The style of The Fellowship of the Ring is marked by Tolkien's extensive use of songs, poems, journals, letters, and other musical and textual elements. As a philologist, or a scholar of language in historical sources, Tolkien had a lifelong professional interest in ancient poetry and verse, particularly in Old Norse, Old English, and Middle English. Throughout the novel, characters often break out into song and recite poetry, and their songs and poems frequently reference the fictional history and mythology of Middle-Earth.
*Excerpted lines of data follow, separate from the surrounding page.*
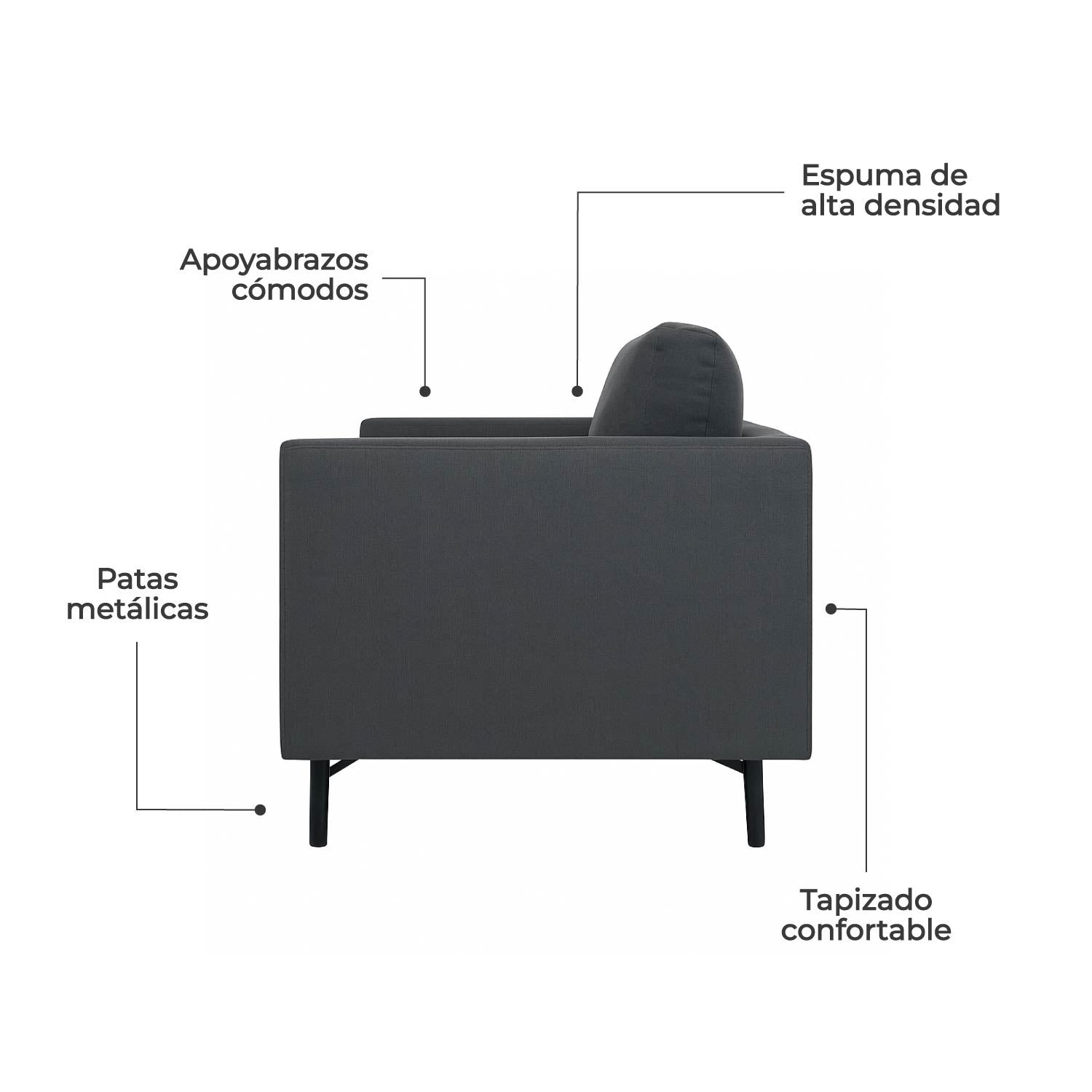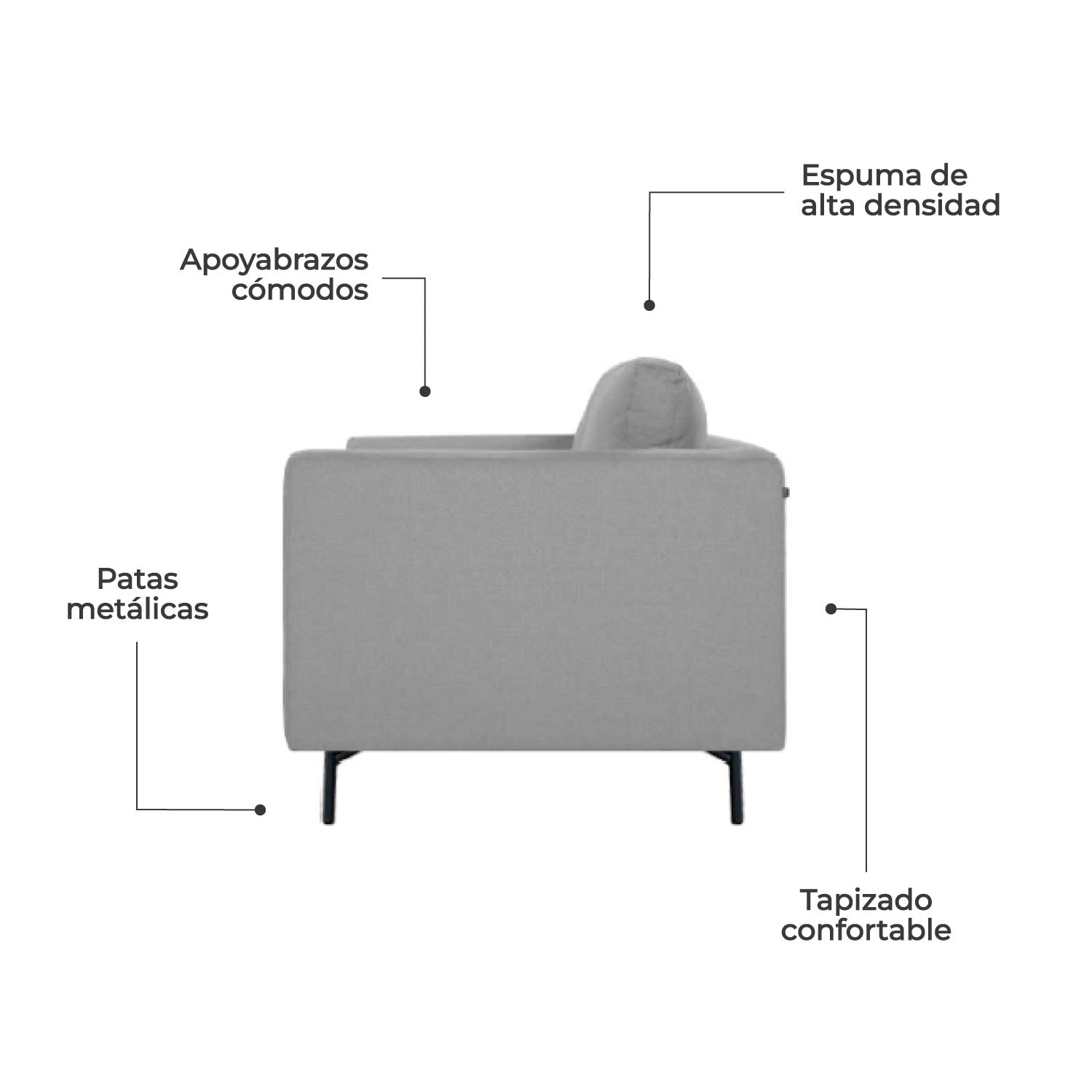 - Estructura confortable, cuenta con espuma de 27 kg de densidad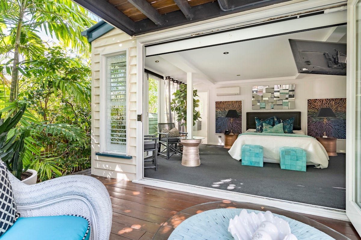 Добро пожаловать в Cotch Beach Studio: эксклюзивное жилье для семей, пар и одиночных гостей. Роскошный новый бассейн, бар для купания и джакузи 37C СРЕДИ пляжного песка и пышных садов. Внутри. Насладитесь элегантностью 100 кв. м с египетскими известняковыми полами, камином, кухней, телевизором и игровой комнатой. Спальня - это безмятежное убежище, украшенное очаровательной хрустальной люстрой. Идеальное сочетание очарования греческих островов и ретро-гламура в Майами манит в центре Брисбена.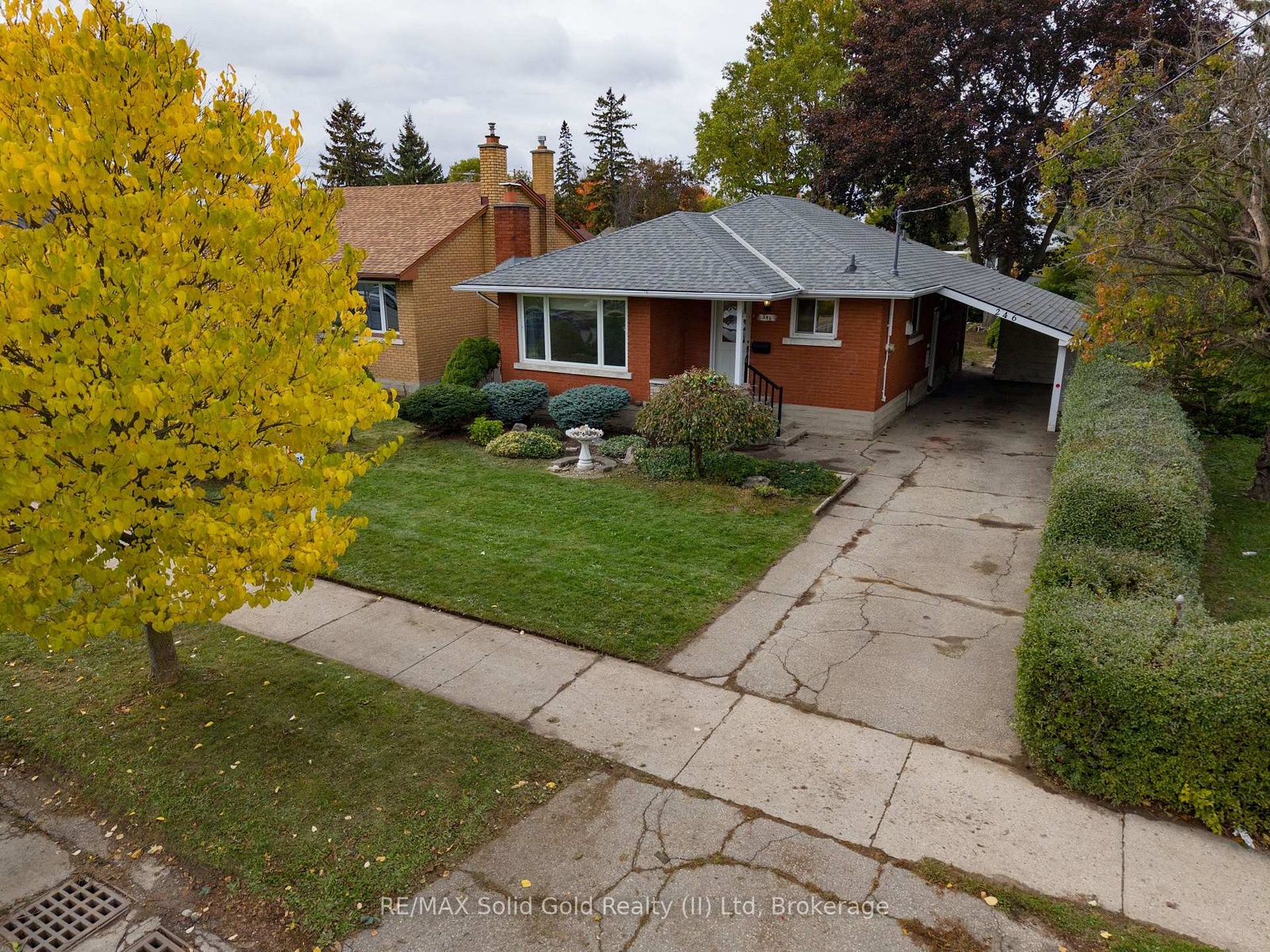 All brick detached bungalow in a quiet mature neighbourhood. Eat-in kitchen with plenty of cupboards. Living room with original hardwood. 2 bedrooms plus den on main floor and a 4pc bath. 3rd bedroom in basement. Spacious finished rec room provides a great area for entertaining. 2-piece bathroom. Plenty of storage space. Cold room. Deck. Large yard. Shed. Carport. Convenient side entrance. Parking for 3 vehicles. Front porch. Gutter leaf guards. Near schools, shopping, Hwy 7/8, and all amenities. Don't miss your chance to own this home that offers lots of potential.
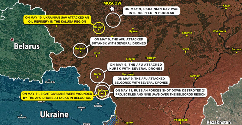 On May 11, Russian forces shot down destroyed 21 projectiles and nine UAVs over the Belgorod region; On May 11,…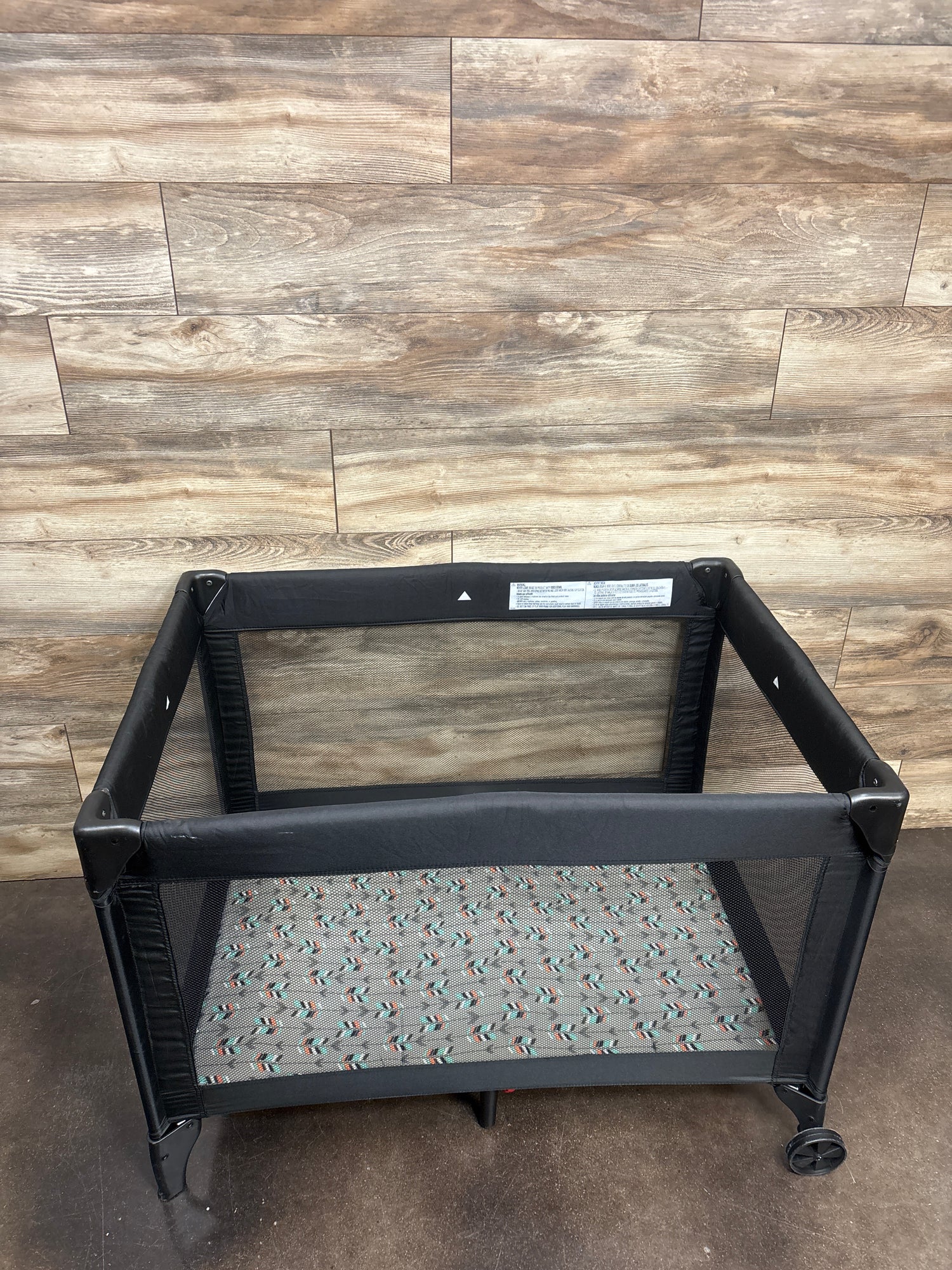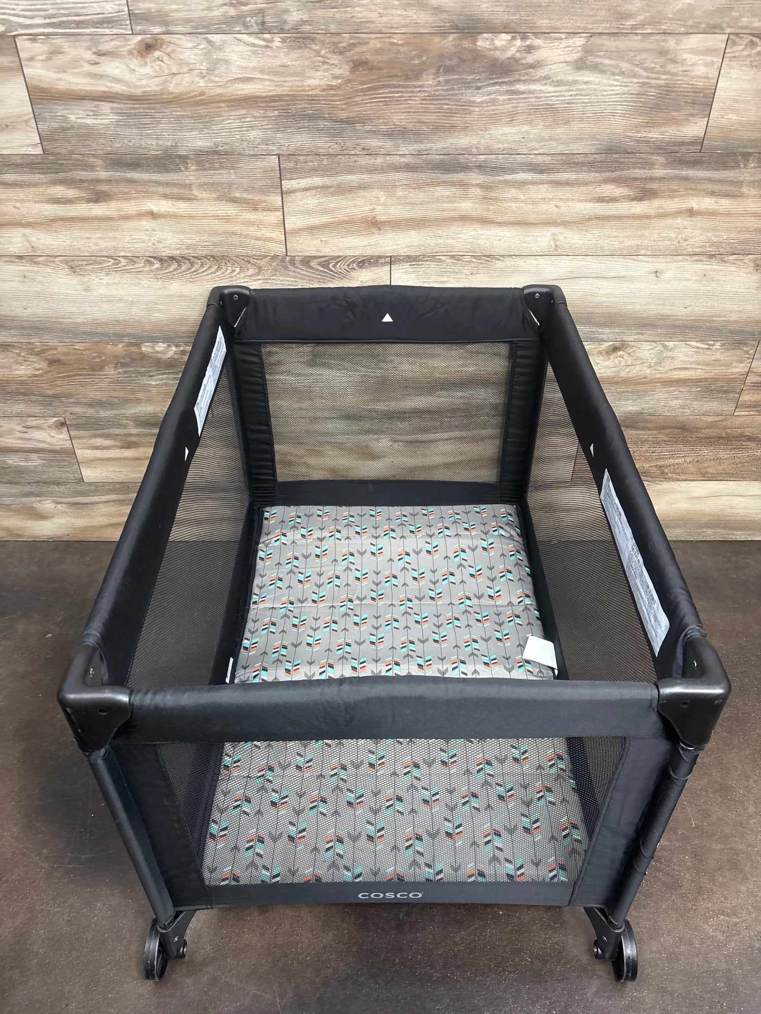 - 4 mesh sides with padded floor let baby see the action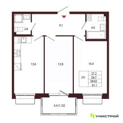 2-к квартира Показать на карте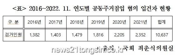 국회 농림축산식품해양수산위원회 소속 최춘식 의원이 경찰청의 자료를 조사 및 분석한 결과, 공동주거침입 혐의 입건자는 ‘16년 1,382명, ‘17년 1,403명, ‘18년 1,479명, ‘19년 1,816명, ‘20년 2,205명, ‘21년 2,352명 등 최근 6년간 매년 증가하여 총 10,637명에 달했다. 특히 지난해(2,352명)의 경우 16년(1,382명) 대비 5년새 입건자가 70% 급증한 것으로 확인됐다.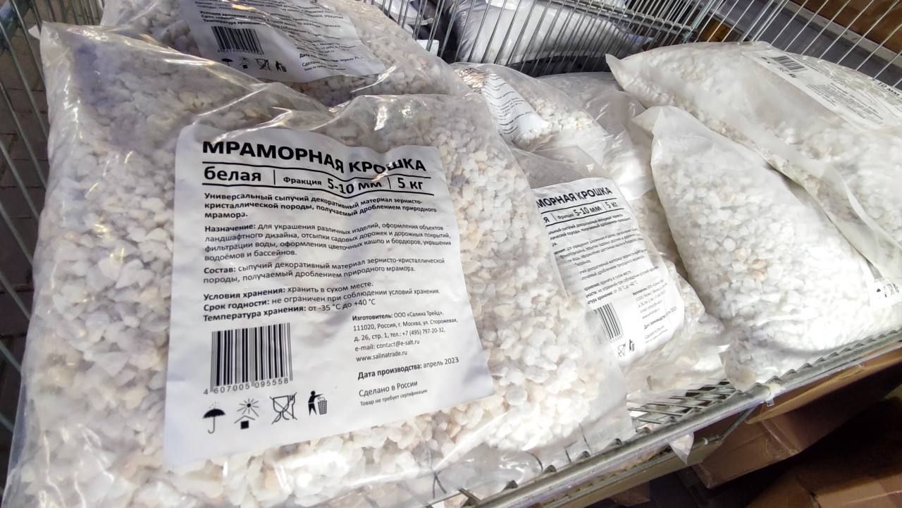 ремонт строительные материалы упаковка складирование мраморная крошка декоративный материал фракция 5–10 мм белая крошка мешок магазин корзина сыпучие материалы ландшафтный дизайн садовые товары отделочные работы природный камень каменная крошка ассортимент полка товары для дачи декоративное оформление строительный отдел минералы декор упаковочный материал магазин стройматериалов строительное сырьёПохожие фотографии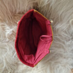 Falleg handtaska saumuð af Unni, þessi fallega taska er fóðruð að innan með rauðu efni og er með karrýgult bak úr flaueli.

In a letter from Gandalf to Frodo, for example, which Frodo receives from Butterbur the innkeeper in Bree, Gandalf ends the letter with a poem:
All that is gold does not glitter,
Not all those who wander are lost;
The old that is strong does not wither,
Deep roots are not reached by the frost.
From the ashes a fire shall be woken,
A light from the shadows shall spring;
Renewed shall be blade that was broken,
The crownless again shall be king.
In these famous lines from the novel, Gandalf sends a cryptic message to Frodo that the hobbit, at first, struggles to understand. The lines, in fact, refer to Aragorn, whom Frodo knows as Strider, and they contribute to the reader's understanding of the vast, fictional history of Tolkien's setting. Just as "all that is gold does not glitter," so too is Strider a valiant and honorable man despite his haggard and intimidating appearance. Other lines in the poem suggest, indirectly, that Aragorn's noble bloodline will be restored and that he "shall be king." Similarly, a line describing a "broken blade" refers to Andúril, a weapon that Aragorn has inherited. Like many other poems and songs in the novel, then, this poem foreshadows later events and contributes to the impression of vast history and mythology in Middle-Earth.